DATA Start Marker

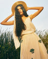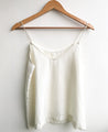 A simple cami top with a curved V-neck and spaghetti straps. Length 22". Made in 100% organic orange fiber cotton. The product displayed is a size S.
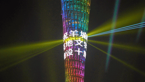 广州新中轴线花城广场光影交织,“庆祝羊城晚报花地文学榜创设10周年”祝福字样在广州塔端循环播放,吸引市民游客为之同欢,以文学点亮生活。
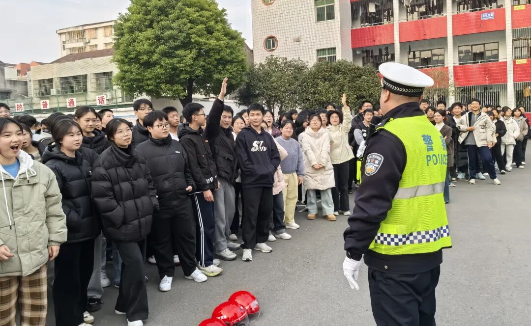 为切实守护学生群体出行安全,12月11日,潜江公安交警走进文昌高中开展交通安全宣传活动,以“知危险 会避险”为核心,通过实景演示、互动问答等形式,为同学们送上冬季交通安全“必修课”。
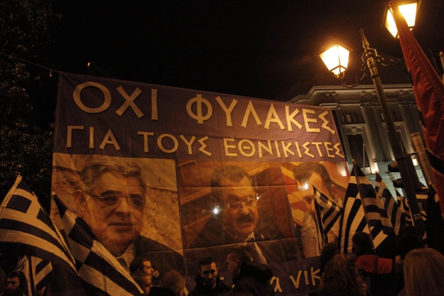 Από τη μεριά του, ο Ηλίας Κασιδιάρης επισήμανε πως «τελειώνει η ώρα των προδοτών του μνημονίου που στήνουν σκευωρίες κατά της Χρυσής Αυγής και την ίδια ώρα ανοίγουν τον δρόμο στους εχθρούς του έθνους, τούρκους, τροϊκανούς και σκοπιανούς».
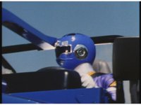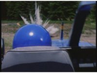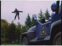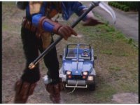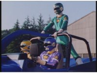 Pan up along Storm Blaster as it drives forth, Blue in driver's seat, Yellow in passenger's, and Green standing in the back. |

DATA End Marker

THE PROBLEM: Omit every picture, and please return the entries exactly from the first line through the line with "Από τη μεριά", both included.

PROBLEM SOLUTION:
 A simple cami top with a curved V-neck and spaghetti straps. Length 22". Made in 100% organic orange fiber cotton. The product displayed is a size S.
 广州新中轴线花城广场光影交织,“庆祝羊城晚报花地文学榜创设10周年”祝福字样在广州塔端循环播放,吸引市民游客为之同欢,以文学点亮生活。
 为切实守护学生群体出行安全,12月11日,潜江公安交警走进文昌高中开展交通安全宣传活动,以“知危险 会避险”为核心,通过实景演示、互动问答等形式,为同学们送上冬季交通安全“必修课”。
 Από τη μεριά του, ο Ηλίας Κασιδιάρης επισήμανε πως «τελειώνει η ώρα των προδοτών του μνημονίου που στήνουν σκευωρίες κατά της Χρυσής Αυγής και την ίδια ώρα ανοίγουν τον δρόμο στους εχθρούς του έθνους, τούρκους, τροϊκανούς και σκοπιανούς».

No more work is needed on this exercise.